• _Aim of the exercise_:
Repeat exactly the lines of the records below, starting at the line containing "JORDAN POND LOOKING FROM THE SOUTH END" and ending at the line containing "For further details, please". Leave the pictures out.

[The input Boundary: Start]

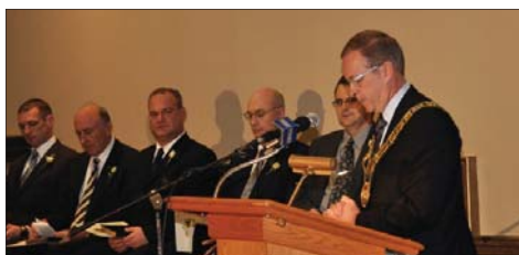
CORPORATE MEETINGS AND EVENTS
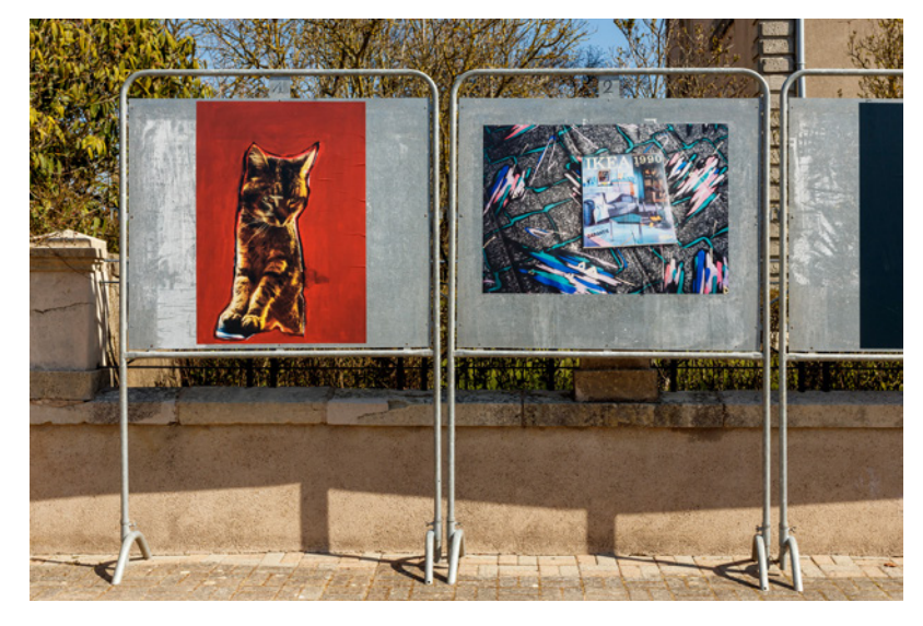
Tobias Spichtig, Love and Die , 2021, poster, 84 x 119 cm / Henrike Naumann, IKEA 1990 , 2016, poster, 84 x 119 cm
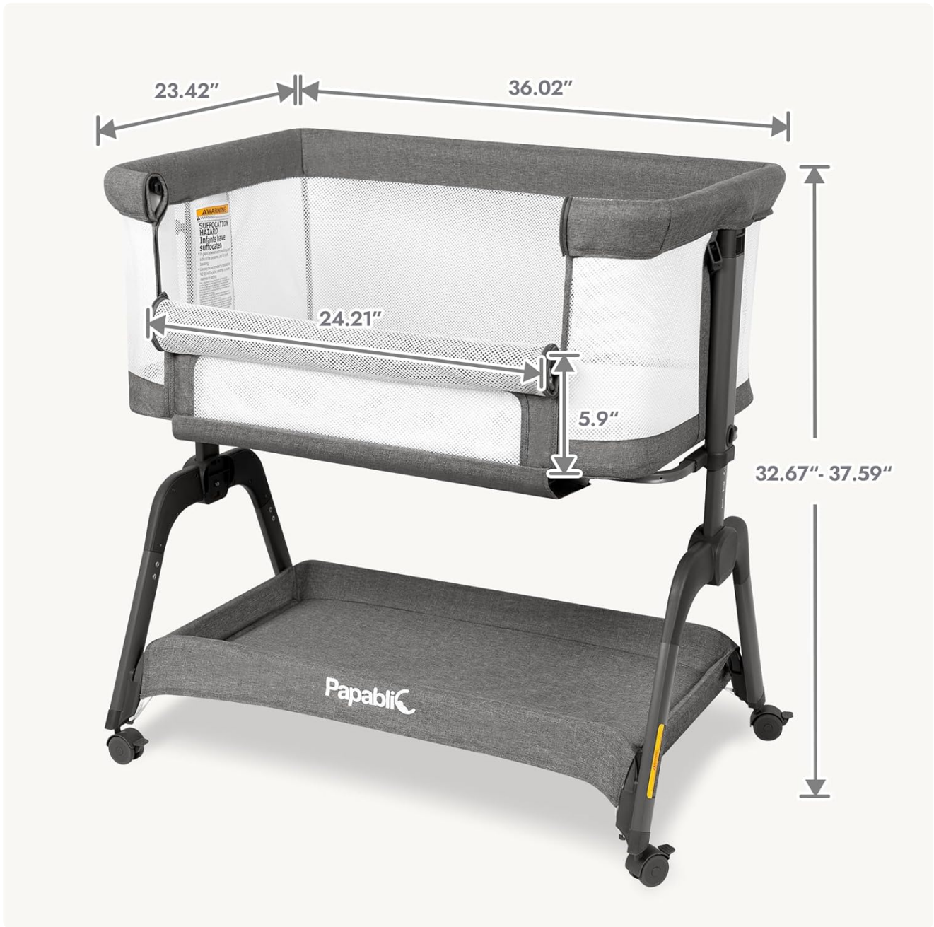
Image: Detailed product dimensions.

[The input Boundary: End]
[The input Boundary: Start]

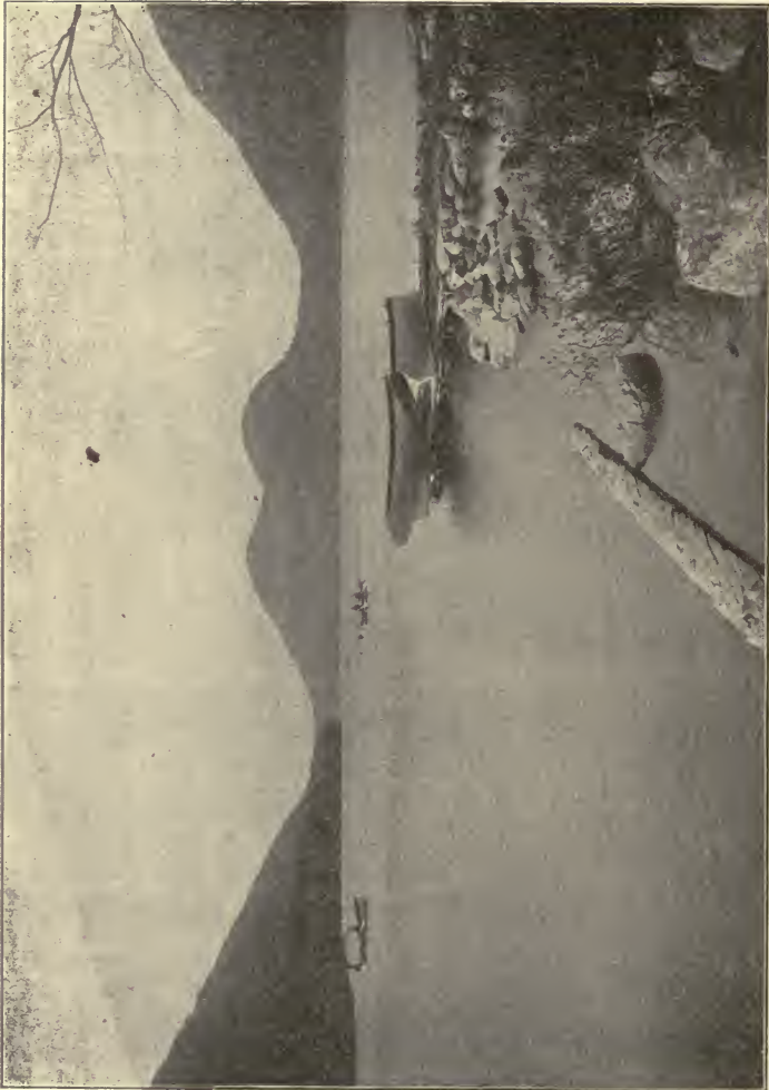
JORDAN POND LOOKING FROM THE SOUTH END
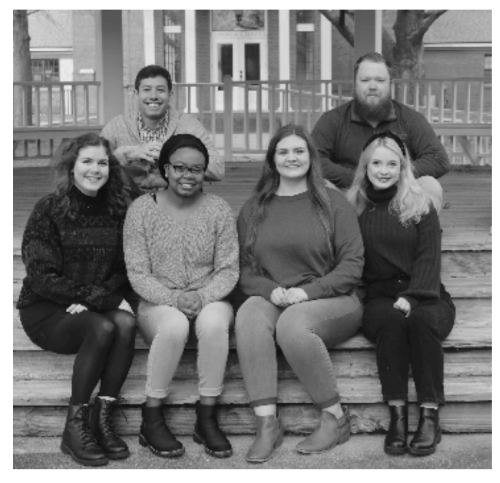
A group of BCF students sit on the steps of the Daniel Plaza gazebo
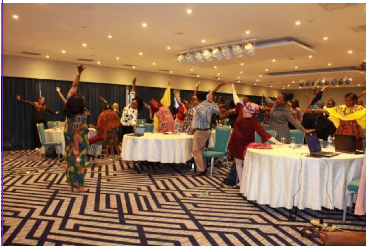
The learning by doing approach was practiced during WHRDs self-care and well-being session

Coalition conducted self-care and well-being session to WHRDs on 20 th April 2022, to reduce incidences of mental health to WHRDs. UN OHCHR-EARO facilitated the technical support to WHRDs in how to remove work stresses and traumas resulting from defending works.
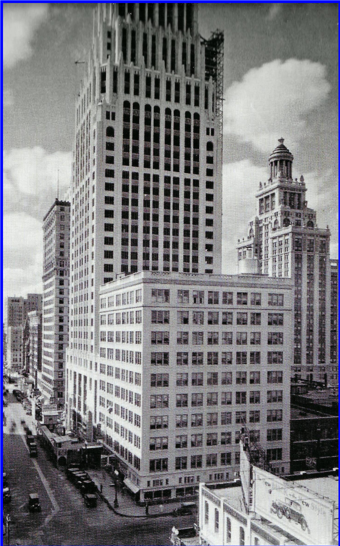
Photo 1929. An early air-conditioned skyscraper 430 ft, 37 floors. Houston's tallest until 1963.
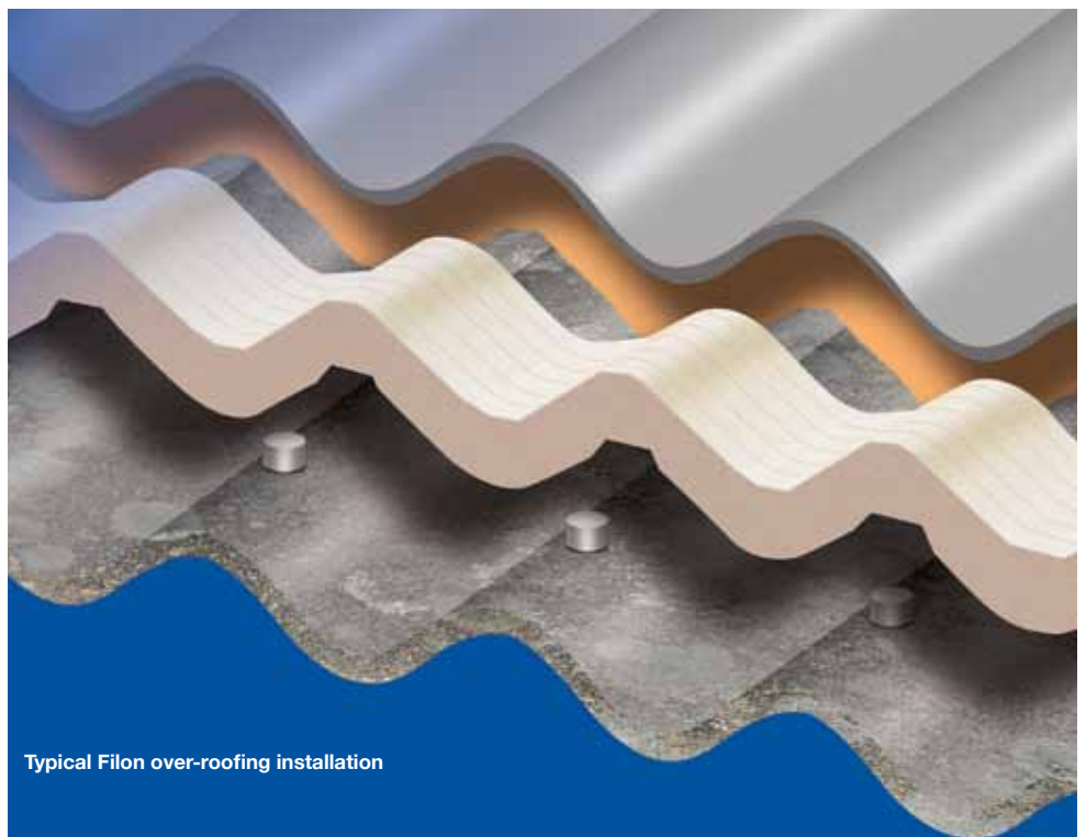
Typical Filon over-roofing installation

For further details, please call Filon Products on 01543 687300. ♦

[The input Boundary: End]
[The input Boundary: Start]

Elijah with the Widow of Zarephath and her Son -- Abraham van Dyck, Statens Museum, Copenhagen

[The input Boundary: End]

• _Written answer_:
JORDAN POND LOOKING FROM THE SOUTH END
A group of BCF students sit on the steps of the Daniel Plaza gazebo
The learning by doing approach was practiced during WHRDs self-care and well-being session

Coalition conducted self-care and well-being session to WHRDs on 20 th April 2022, to reduce incidences of mental health to WHRDs. UN OHCHR-EARO facilitated the technical support to WHRDs in how to remove work stresses and traumas resulting from defending works.
Photo 1929. An early air-conditioned skyscraper 430 ft, 37 floors. Houston's tallest until 1963.
Typical Filon over-roofing installation

For further details, please call Filon Products on 01543 687300. ♦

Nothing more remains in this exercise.